[Stored data]

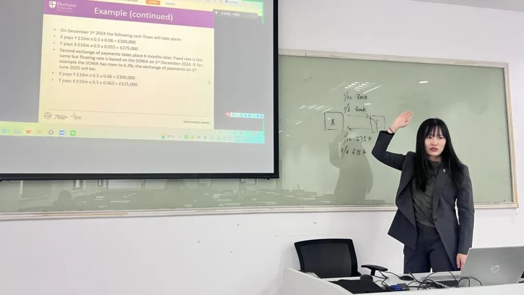 在随后的“利率互换大师讲堂”环节中,杜伦大学商学院金融系助理教授、金融系国际化事务主管 Gao(Grace)教授 以 Interest Rate Swap(利率互换) 为主题,为同学们带来了一场紧贴行业实践的专业讲座。
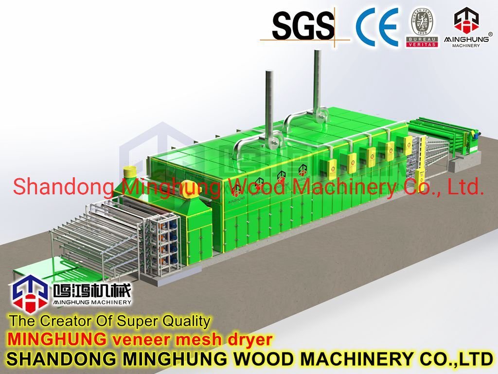 ¿Qué es un secador de chapa?MINGHUNG Secador de chapa de rodillo para secar chapa de madera original, eliminar la humedad abundante, al final, la humedad de la chapa de madera será del 5 % al 10 %, por lo que es adecuado para hacer madera contrachapada. Rodillo de chapa la secadora es adecuada para una gran capacidad de secado por día, puede ser de diferente longitud, ancho
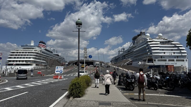 出港当日、横浜大さん橋に向かって歩いて行くと、左に飛鳥III、右に乗船するコーラル・プリンセスが接岸していました。
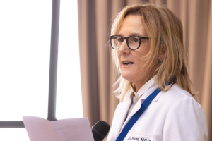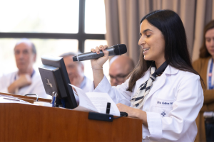 Uno de los momentos más emotivos llegó con el testimonio de Macarena Iudica, egresada de la residencia posbásica en Hemato-oncología Infantil, quien habló en nombre de sus compañeros y compartió el sentido profundo de la vocación médica vivida durante la residencia:
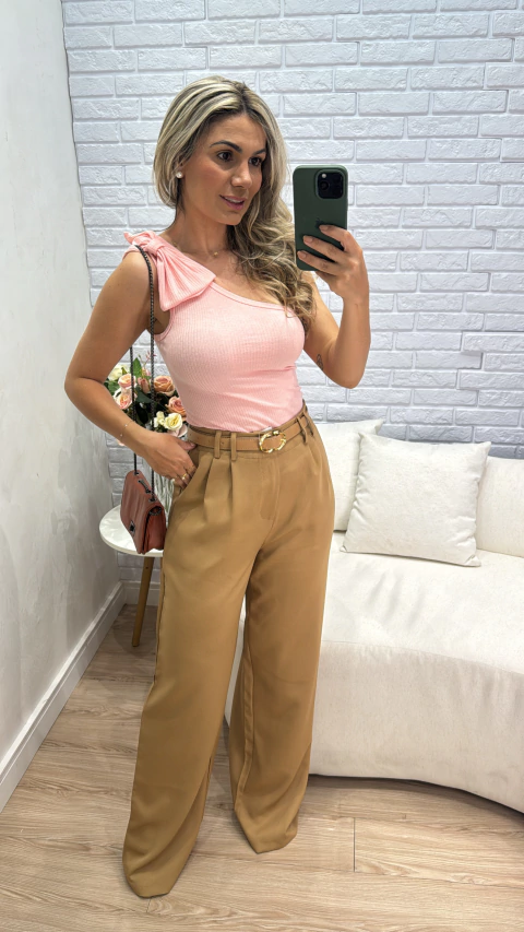 Tecido Twill, cós alto, passante duplo, comprimento excelente para mulheres alta, modelagem alfaiataria. Forma grande.
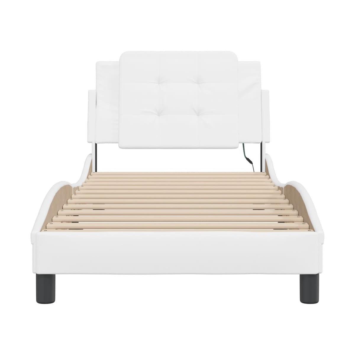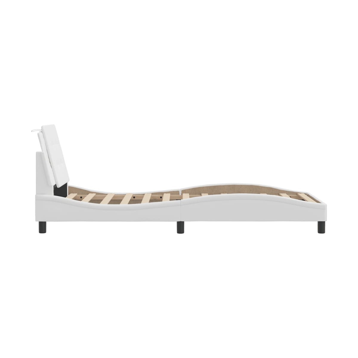¡Consigue tener un sueño reparador con esta estructura de cama con luces LED! Es un aporte acogedor para cualquier dormitorio. Material duradero: El cuero sintético de primera calidad es un material muy duradero. Es resistente a las manchas, por lo que es fácil de limpiar con un paño húmedo. Además, la superficie lisa da un aspecto lujoso y la belleza del cuero auténtico.Listones robustos: Los listones de madera contrachapada proporcionan una buena distribución del peso, lo que garantiza que el colchón se mantenga en tu sitio con cada giro y vuelta del cuerpo mientras duermes.Excelente apoyo: El cabecero de la cama te proporciona un excelente apoyo para la espalda mientras estás sentado en la cama para leer o ver la televisión.Tira de LED de colores: Alegra la oscuridad con luces LED de colores. Los cierres de gancho y bucle de la parte posterior del cojín del cabecero se pueden utilizar para fijar las luces LED.Diseño lateral ondulado: El look ondulado de la estructura de la cama es elegante y sofisticado, agregando un toque moderno y elegante a tu decoración, convirtiéndolo en el foco de atención de tu dormitorio. Información útil:El colchón no está incluido con la cama. Disponemos de una variada selección de colchones. Puedes echar un vistazo a nuestra tienda para buscar el colchón correspondiente.El producto tiene un conector USB que necesita una fuente de alimentación USB certificada de 5 V (no incluida).
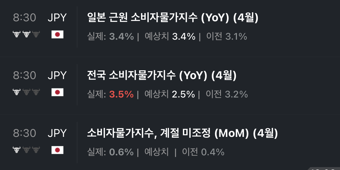 - 일본의 4월 근원물가를 볼 때 일단은 대외변수를 제외하고는 예상대로 경제가 돌아가고 있나 보다.
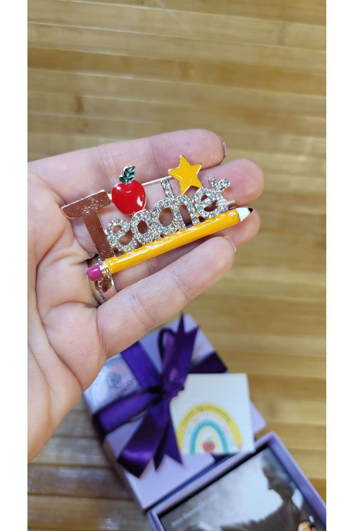 Teacher kurşun kalem ingilizce öğretmen broş - öğretmenler günü hediyesiAltın kaplama - mineli - kristal taşlı teacher öğretmen broşÖzel lak kaplamalı kararmaz (parfüm ve kimyasaldan sakının)Ceket yakasında , şapkaya , şal , kaşkol , çanta her türlü tekstil ürününe takabilir harika bir öğretmen hediyesi verebilirsiniz.
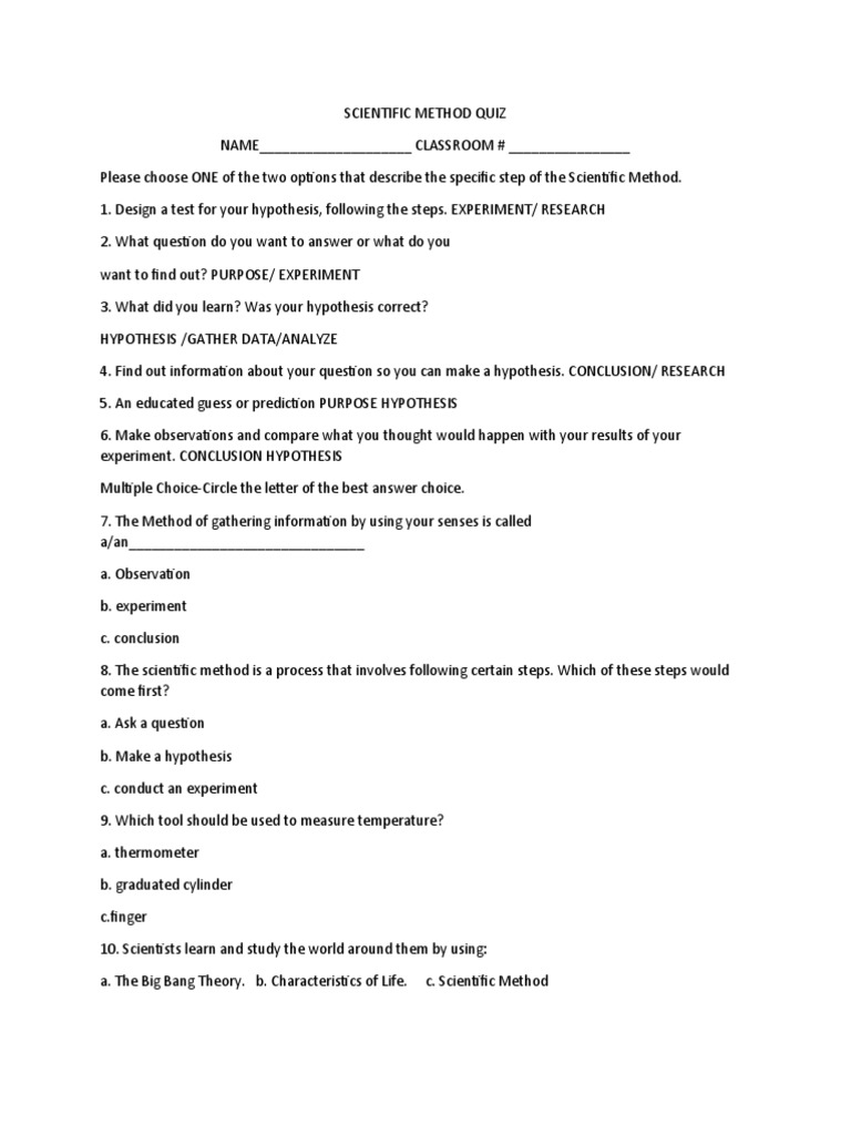 Scientific Method Quiz 11 PDF Hypothesis Experiment Scientific Method Quiz 1 test your understanding of the scientific method with this quiz. A hypothesis is a question. Data used to generate a hypothesis may come from observations,. A) making a hypothesis b) interpreting data. study with quizlet and memorize flashcards containing terms like hypothesis, variables, independent. scientific method quiz #1 quiz for 6th grade students. Find other quizzes for. Scientific Method Quiz 1.
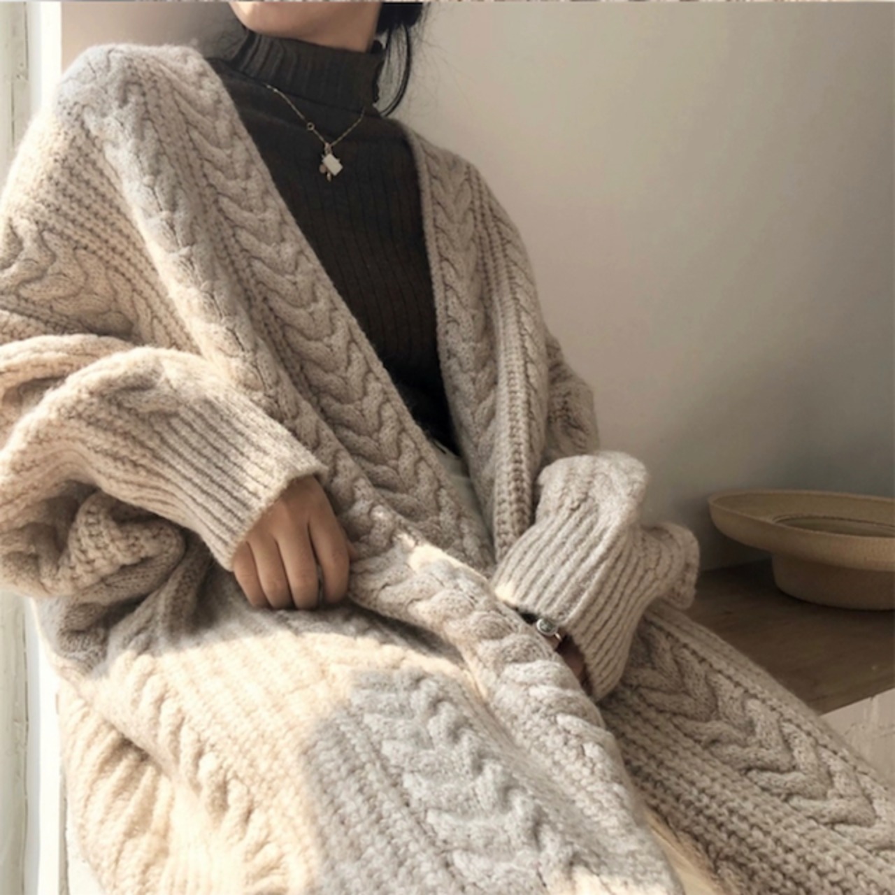 シンプルなケーブルがらののニットカーディガン!
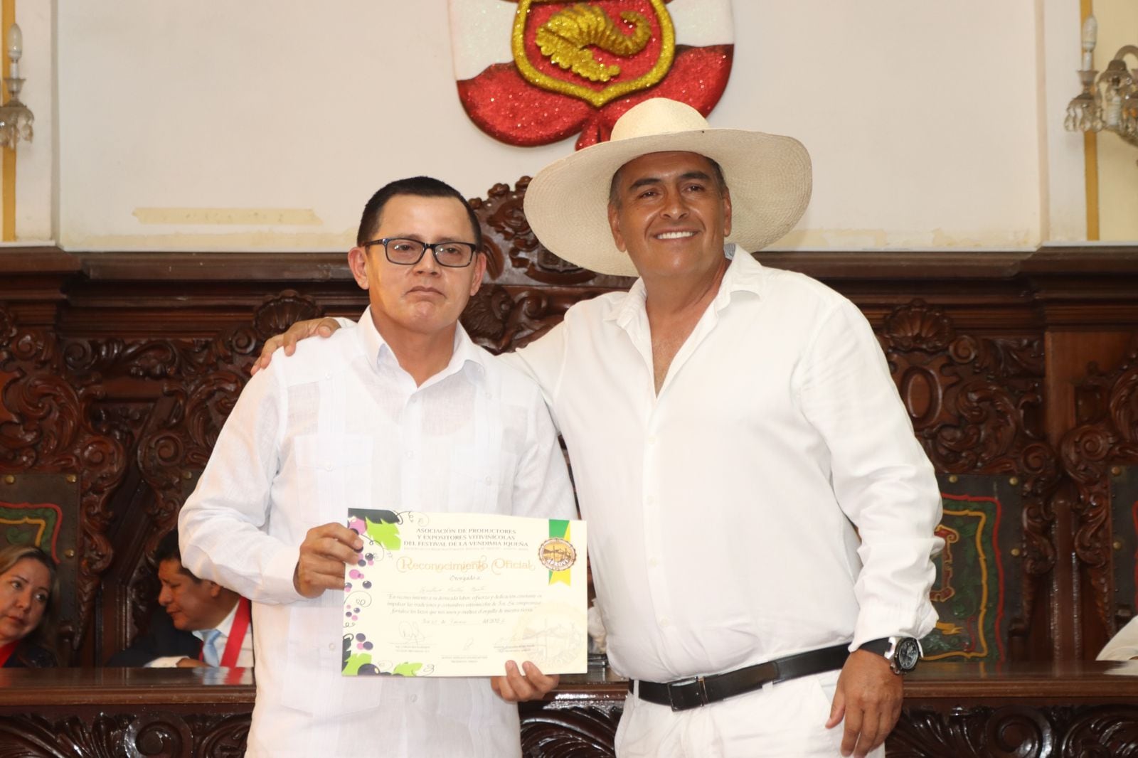 El acto de reconocimiento se realizó en el salón consistorial de la Municipalidad Provincial de Ica, en el marco de la conmemoración de los 248 años del nacimiento del Libertador San Martín, los 456 años de la llegada de la sagrada imagen del Cristo Crucificado Señor de Luren a la ciudad de Ica, y los 37 años de fundación de la Asociación de Productores Expositores Vitivinícolas del Festival de la Vendimia Iqueña – APROVI.

[/Stored data]

Your goal =>
All that is needed is an exact copy of the entries above, minus the pictures.

Answer section =>
 在随后的“利率互换大师讲堂”环节中,杜伦大学商学院金融系助理教授、金融系国际化事务主管 Gao(Grace)教授 以 Interest Rate Swap(利率互换) 为主题,为同学们带来了一场紧贴行业实践的专业讲座。
 ¿Qué es un secador de chapa?MINGHUNG Secador de chapa de rodillo para secar chapa de madera original, eliminar la humedad abundante, al final, la humedad de la chapa de madera será del 5 % al 10 %, por lo que es adecuado para hacer madera contrachapada. Rodillo de chapa la secadora es adecuada para una gran capacidad de secado por día, puede ser de diferente longitud, ancho
 出港当日、横浜大さん橋に向かって歩いて行くと、左に飛鳥III、右に乗船するコーラル・プリンセスが接岸していました。
 Uno de los momentos más emotivos llegó con el testimonio de Macarena Iudica, egresada de la residencia posbásica en Hemato-oncología Infantil, quien habló en nombre de sus compañeros y compartió el sentido profundo de la vocación médica vivida durante la residencia:
 Tecido Twill, cós alto, passante duplo, comprimento excelente para mulheres alta, modelagem alfaiataria. Forma grande.
¡Consigue tener un sueño reparador con esta estructura de cama con luces LED! Es un aporte acogedor para cualquier dormitorio. Material duradero: El cuero sintético de primera calidad es un material muy duradero. Es resistente a las manchas, por lo que es fácil de limpiar con un paño húmedo. Además, la superficie lisa da un aspecto lujoso y la belleza del cuero auténtico.Listones robustos: Los listones de madera contrachapada proporcionan una buena distribución del peso, lo que garantiza que el colchón se mantenga en tu sitio con cada giro y vuelta del cuerpo mientras duermes.Excelente apoyo: El cabecero de la cama te proporciona un excelente apoyo para la espalda mientras estás sentado en la cama para leer o ver la televisión.Tira de LED de colores: Alegra la oscuridad con luces LED de colores. Los cierres de gancho y bucle de la parte posterior del cojín del cabecero se pueden utilizar para fijar las luces LED.Diseño lateral ondulado: El look ondulado de la estructura de la cama es elegante y sofisticado, agregando un toque moderno y elegante a tu decoración, convirtiéndolo en el foco de atención de tu dormitorio. Información útil:El colchón no está incluido con la cama. Disponemos de una variada selección de colchones. Puedes echar un vistazo a nuestra tienda para buscar el colchón correspondiente.El producto tiene un conector USB que necesita una fuente de alimentación USB certificada de 5 V (no incluida).
 - 일본의 4월 근원물가를 볼 때 일단은 대외변수를 제외하고는 예상대로 경제가 돌아가고 있나 보다.
 Teacher kurşun kalem ingilizce öğretmen broş - öğretmenler günü hediyesiAltın kaplama - mineli - kristal taşlı teacher öğretmen broşÖzel lak kaplamalı kararmaz (parfüm ve kimyasaldan sakının)Ceket yakasında , şapkaya , şal , kaşkol , çanta her türlü tekstil ürününe takabilir harika bir öğretmen hediyesi verebilirsiniz.
 Scientific Method Quiz 11 PDF Hypothesis Experiment Scientific Method Quiz 1 test your understanding of the scientific method with this quiz. A hypothesis is a question. Data used to generate a hypothesis may come from observations,. A) making a hypothesis b) interpreting data. study with quizlet and memorize flashcards containing terms like hypothesis, variables, independent. scientific method quiz #1 quiz for 6th grade students. Find other quizzes for. Scientific Method Quiz 1.
 シンプルなケーブルがらののニットカーディガン!
 El acto de reconocimiento se realizó en el salón consistorial de la Municipalidad Provincial de Ica, en el marco de la conmemoración de los 248 años del nacimiento del Libertador San Martín, los 456 años de la llegada de la sagrada imagen del Cristo Crucificado Señor de Luren a la ciudad de Ica, y los 37 años de fundación de la Asociación de Productores Expositores Vitivinícolas del Festival de la Vendimia Iqueña – APROVI.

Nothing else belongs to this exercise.